Продолжаю в Комарове. Здесь так скользко, что едва добрались до дому. За все время, что мы тут живем, не случалось подобного… Райкин вернулся из Москвы вчера и сообщил, что Главлит[128]
задерживает обозрение. Собирался ночью приехать ко мне, чтобы доделывать то, се, пятое, десятое. Не приехал. Заболел. Не то что заболел, а расклеился в дороге. Собирался прийти сегодня. Не пришел. В театре происходило производственное совещание. Премьера должна состояться во что бы то ни стало в этом году. Полный энергии Райкин призывал меня немедленно переделать то и се. Что именно, объяснит Тихантовский. Он, Райкин, должен идти на спектакль. Визит директора я вынужден был отклонить — собирался за паспортом. Райкин изложил свои требования по телефону. Тоска!Позавчера поехали в город[129]
. Надо было сделать закупки к Новому году. Надо было пойти на собрание в Союз — отчет Литфонда. Надо было сдать Райкину последние поправки и посмотреть последнюю репетицию. Точнее, генеральную. Собрание, как и все собрания, связанные с деятельностью Литфонда, поражало следующим: отсутствием участников. И в зале народа мало. И выступает мало. А ни один из органов Союза не поносят так свирепо в разговорах, как Литфонд. Словом, как всегда в последнее время, в Союзе не будет встречи Нового года. Не было встречи и в прошлом году. Вечером ко мне приходит Райкин. Точнее, ночью. Обсуждаем последние поправки. С утра еду в Союз. Я, отуманенный заседанием, оставил поправки у гардеробщицы. Заодно ставлю штамп на паспорт, таким образом, новый паспорт уже окончательно оформлен.

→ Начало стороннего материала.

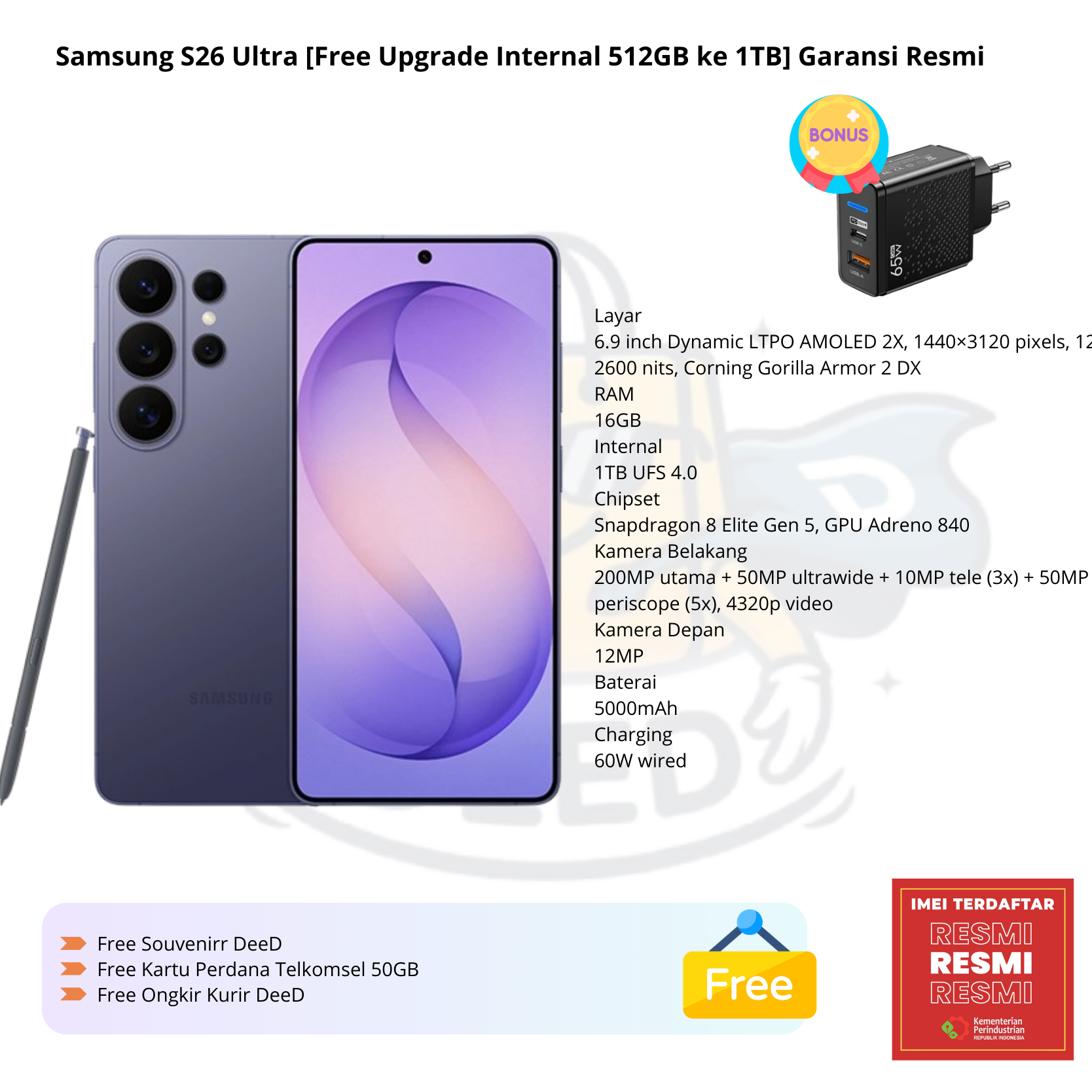 Samsung S26 Ultra [Free Upgrade Internal 512GB ke 1TB] Garansi Resmi

Дело с арендою дачи не решено еще до сих пор. Еще до Союза я покупаю билеты в кино. Конечно, жить за городом хо — рошо, но, пожалуй, слишком уж спокойно. Посещение кинематографа превращается в событие. В половине шестого мы сидим на балконе — любимые наши места — и смотрим «Адрес неизвестен». Возвращаемся пешком. Вечером, точнее ночью, работаю для Райкина. Кончаю эту работу сегодня около двух. В театре застаю обычную картину первой генеральной репетиции. Акимов свирепствует. Райкин — тоже. Смотрю репетицию и не могу понять, хороша она или плоха. Затем иду в магазины. Праздничная толчея, давка у каждого киоска с елочными игрушками радует мое сердце. У нас собираются встречать Новый год Ирина Зарубина с дочкой и Таня Чокой с мужем и сыном. Мы вернулись.Мы вернулись в Комарово, как я уже написал вчера. А сегодня в час позвонил Райкин. Министерство иностранных дел и Главлит внесли в обозрение ряд поправок. В этом году спектакль не состоится — третьего января директор поедет с новыми поправками в Москву. Райкин в Зеленогорске. В четыре часа приедет ко мне. Работать. Сейчас без четверти четыре. Настроение отвратительное. Весь этот год прошел у меня в поправках и переделках. И при этом нет у меня уверенности, что я прав. Переделывать то, в чем я уверен, я бы не стал.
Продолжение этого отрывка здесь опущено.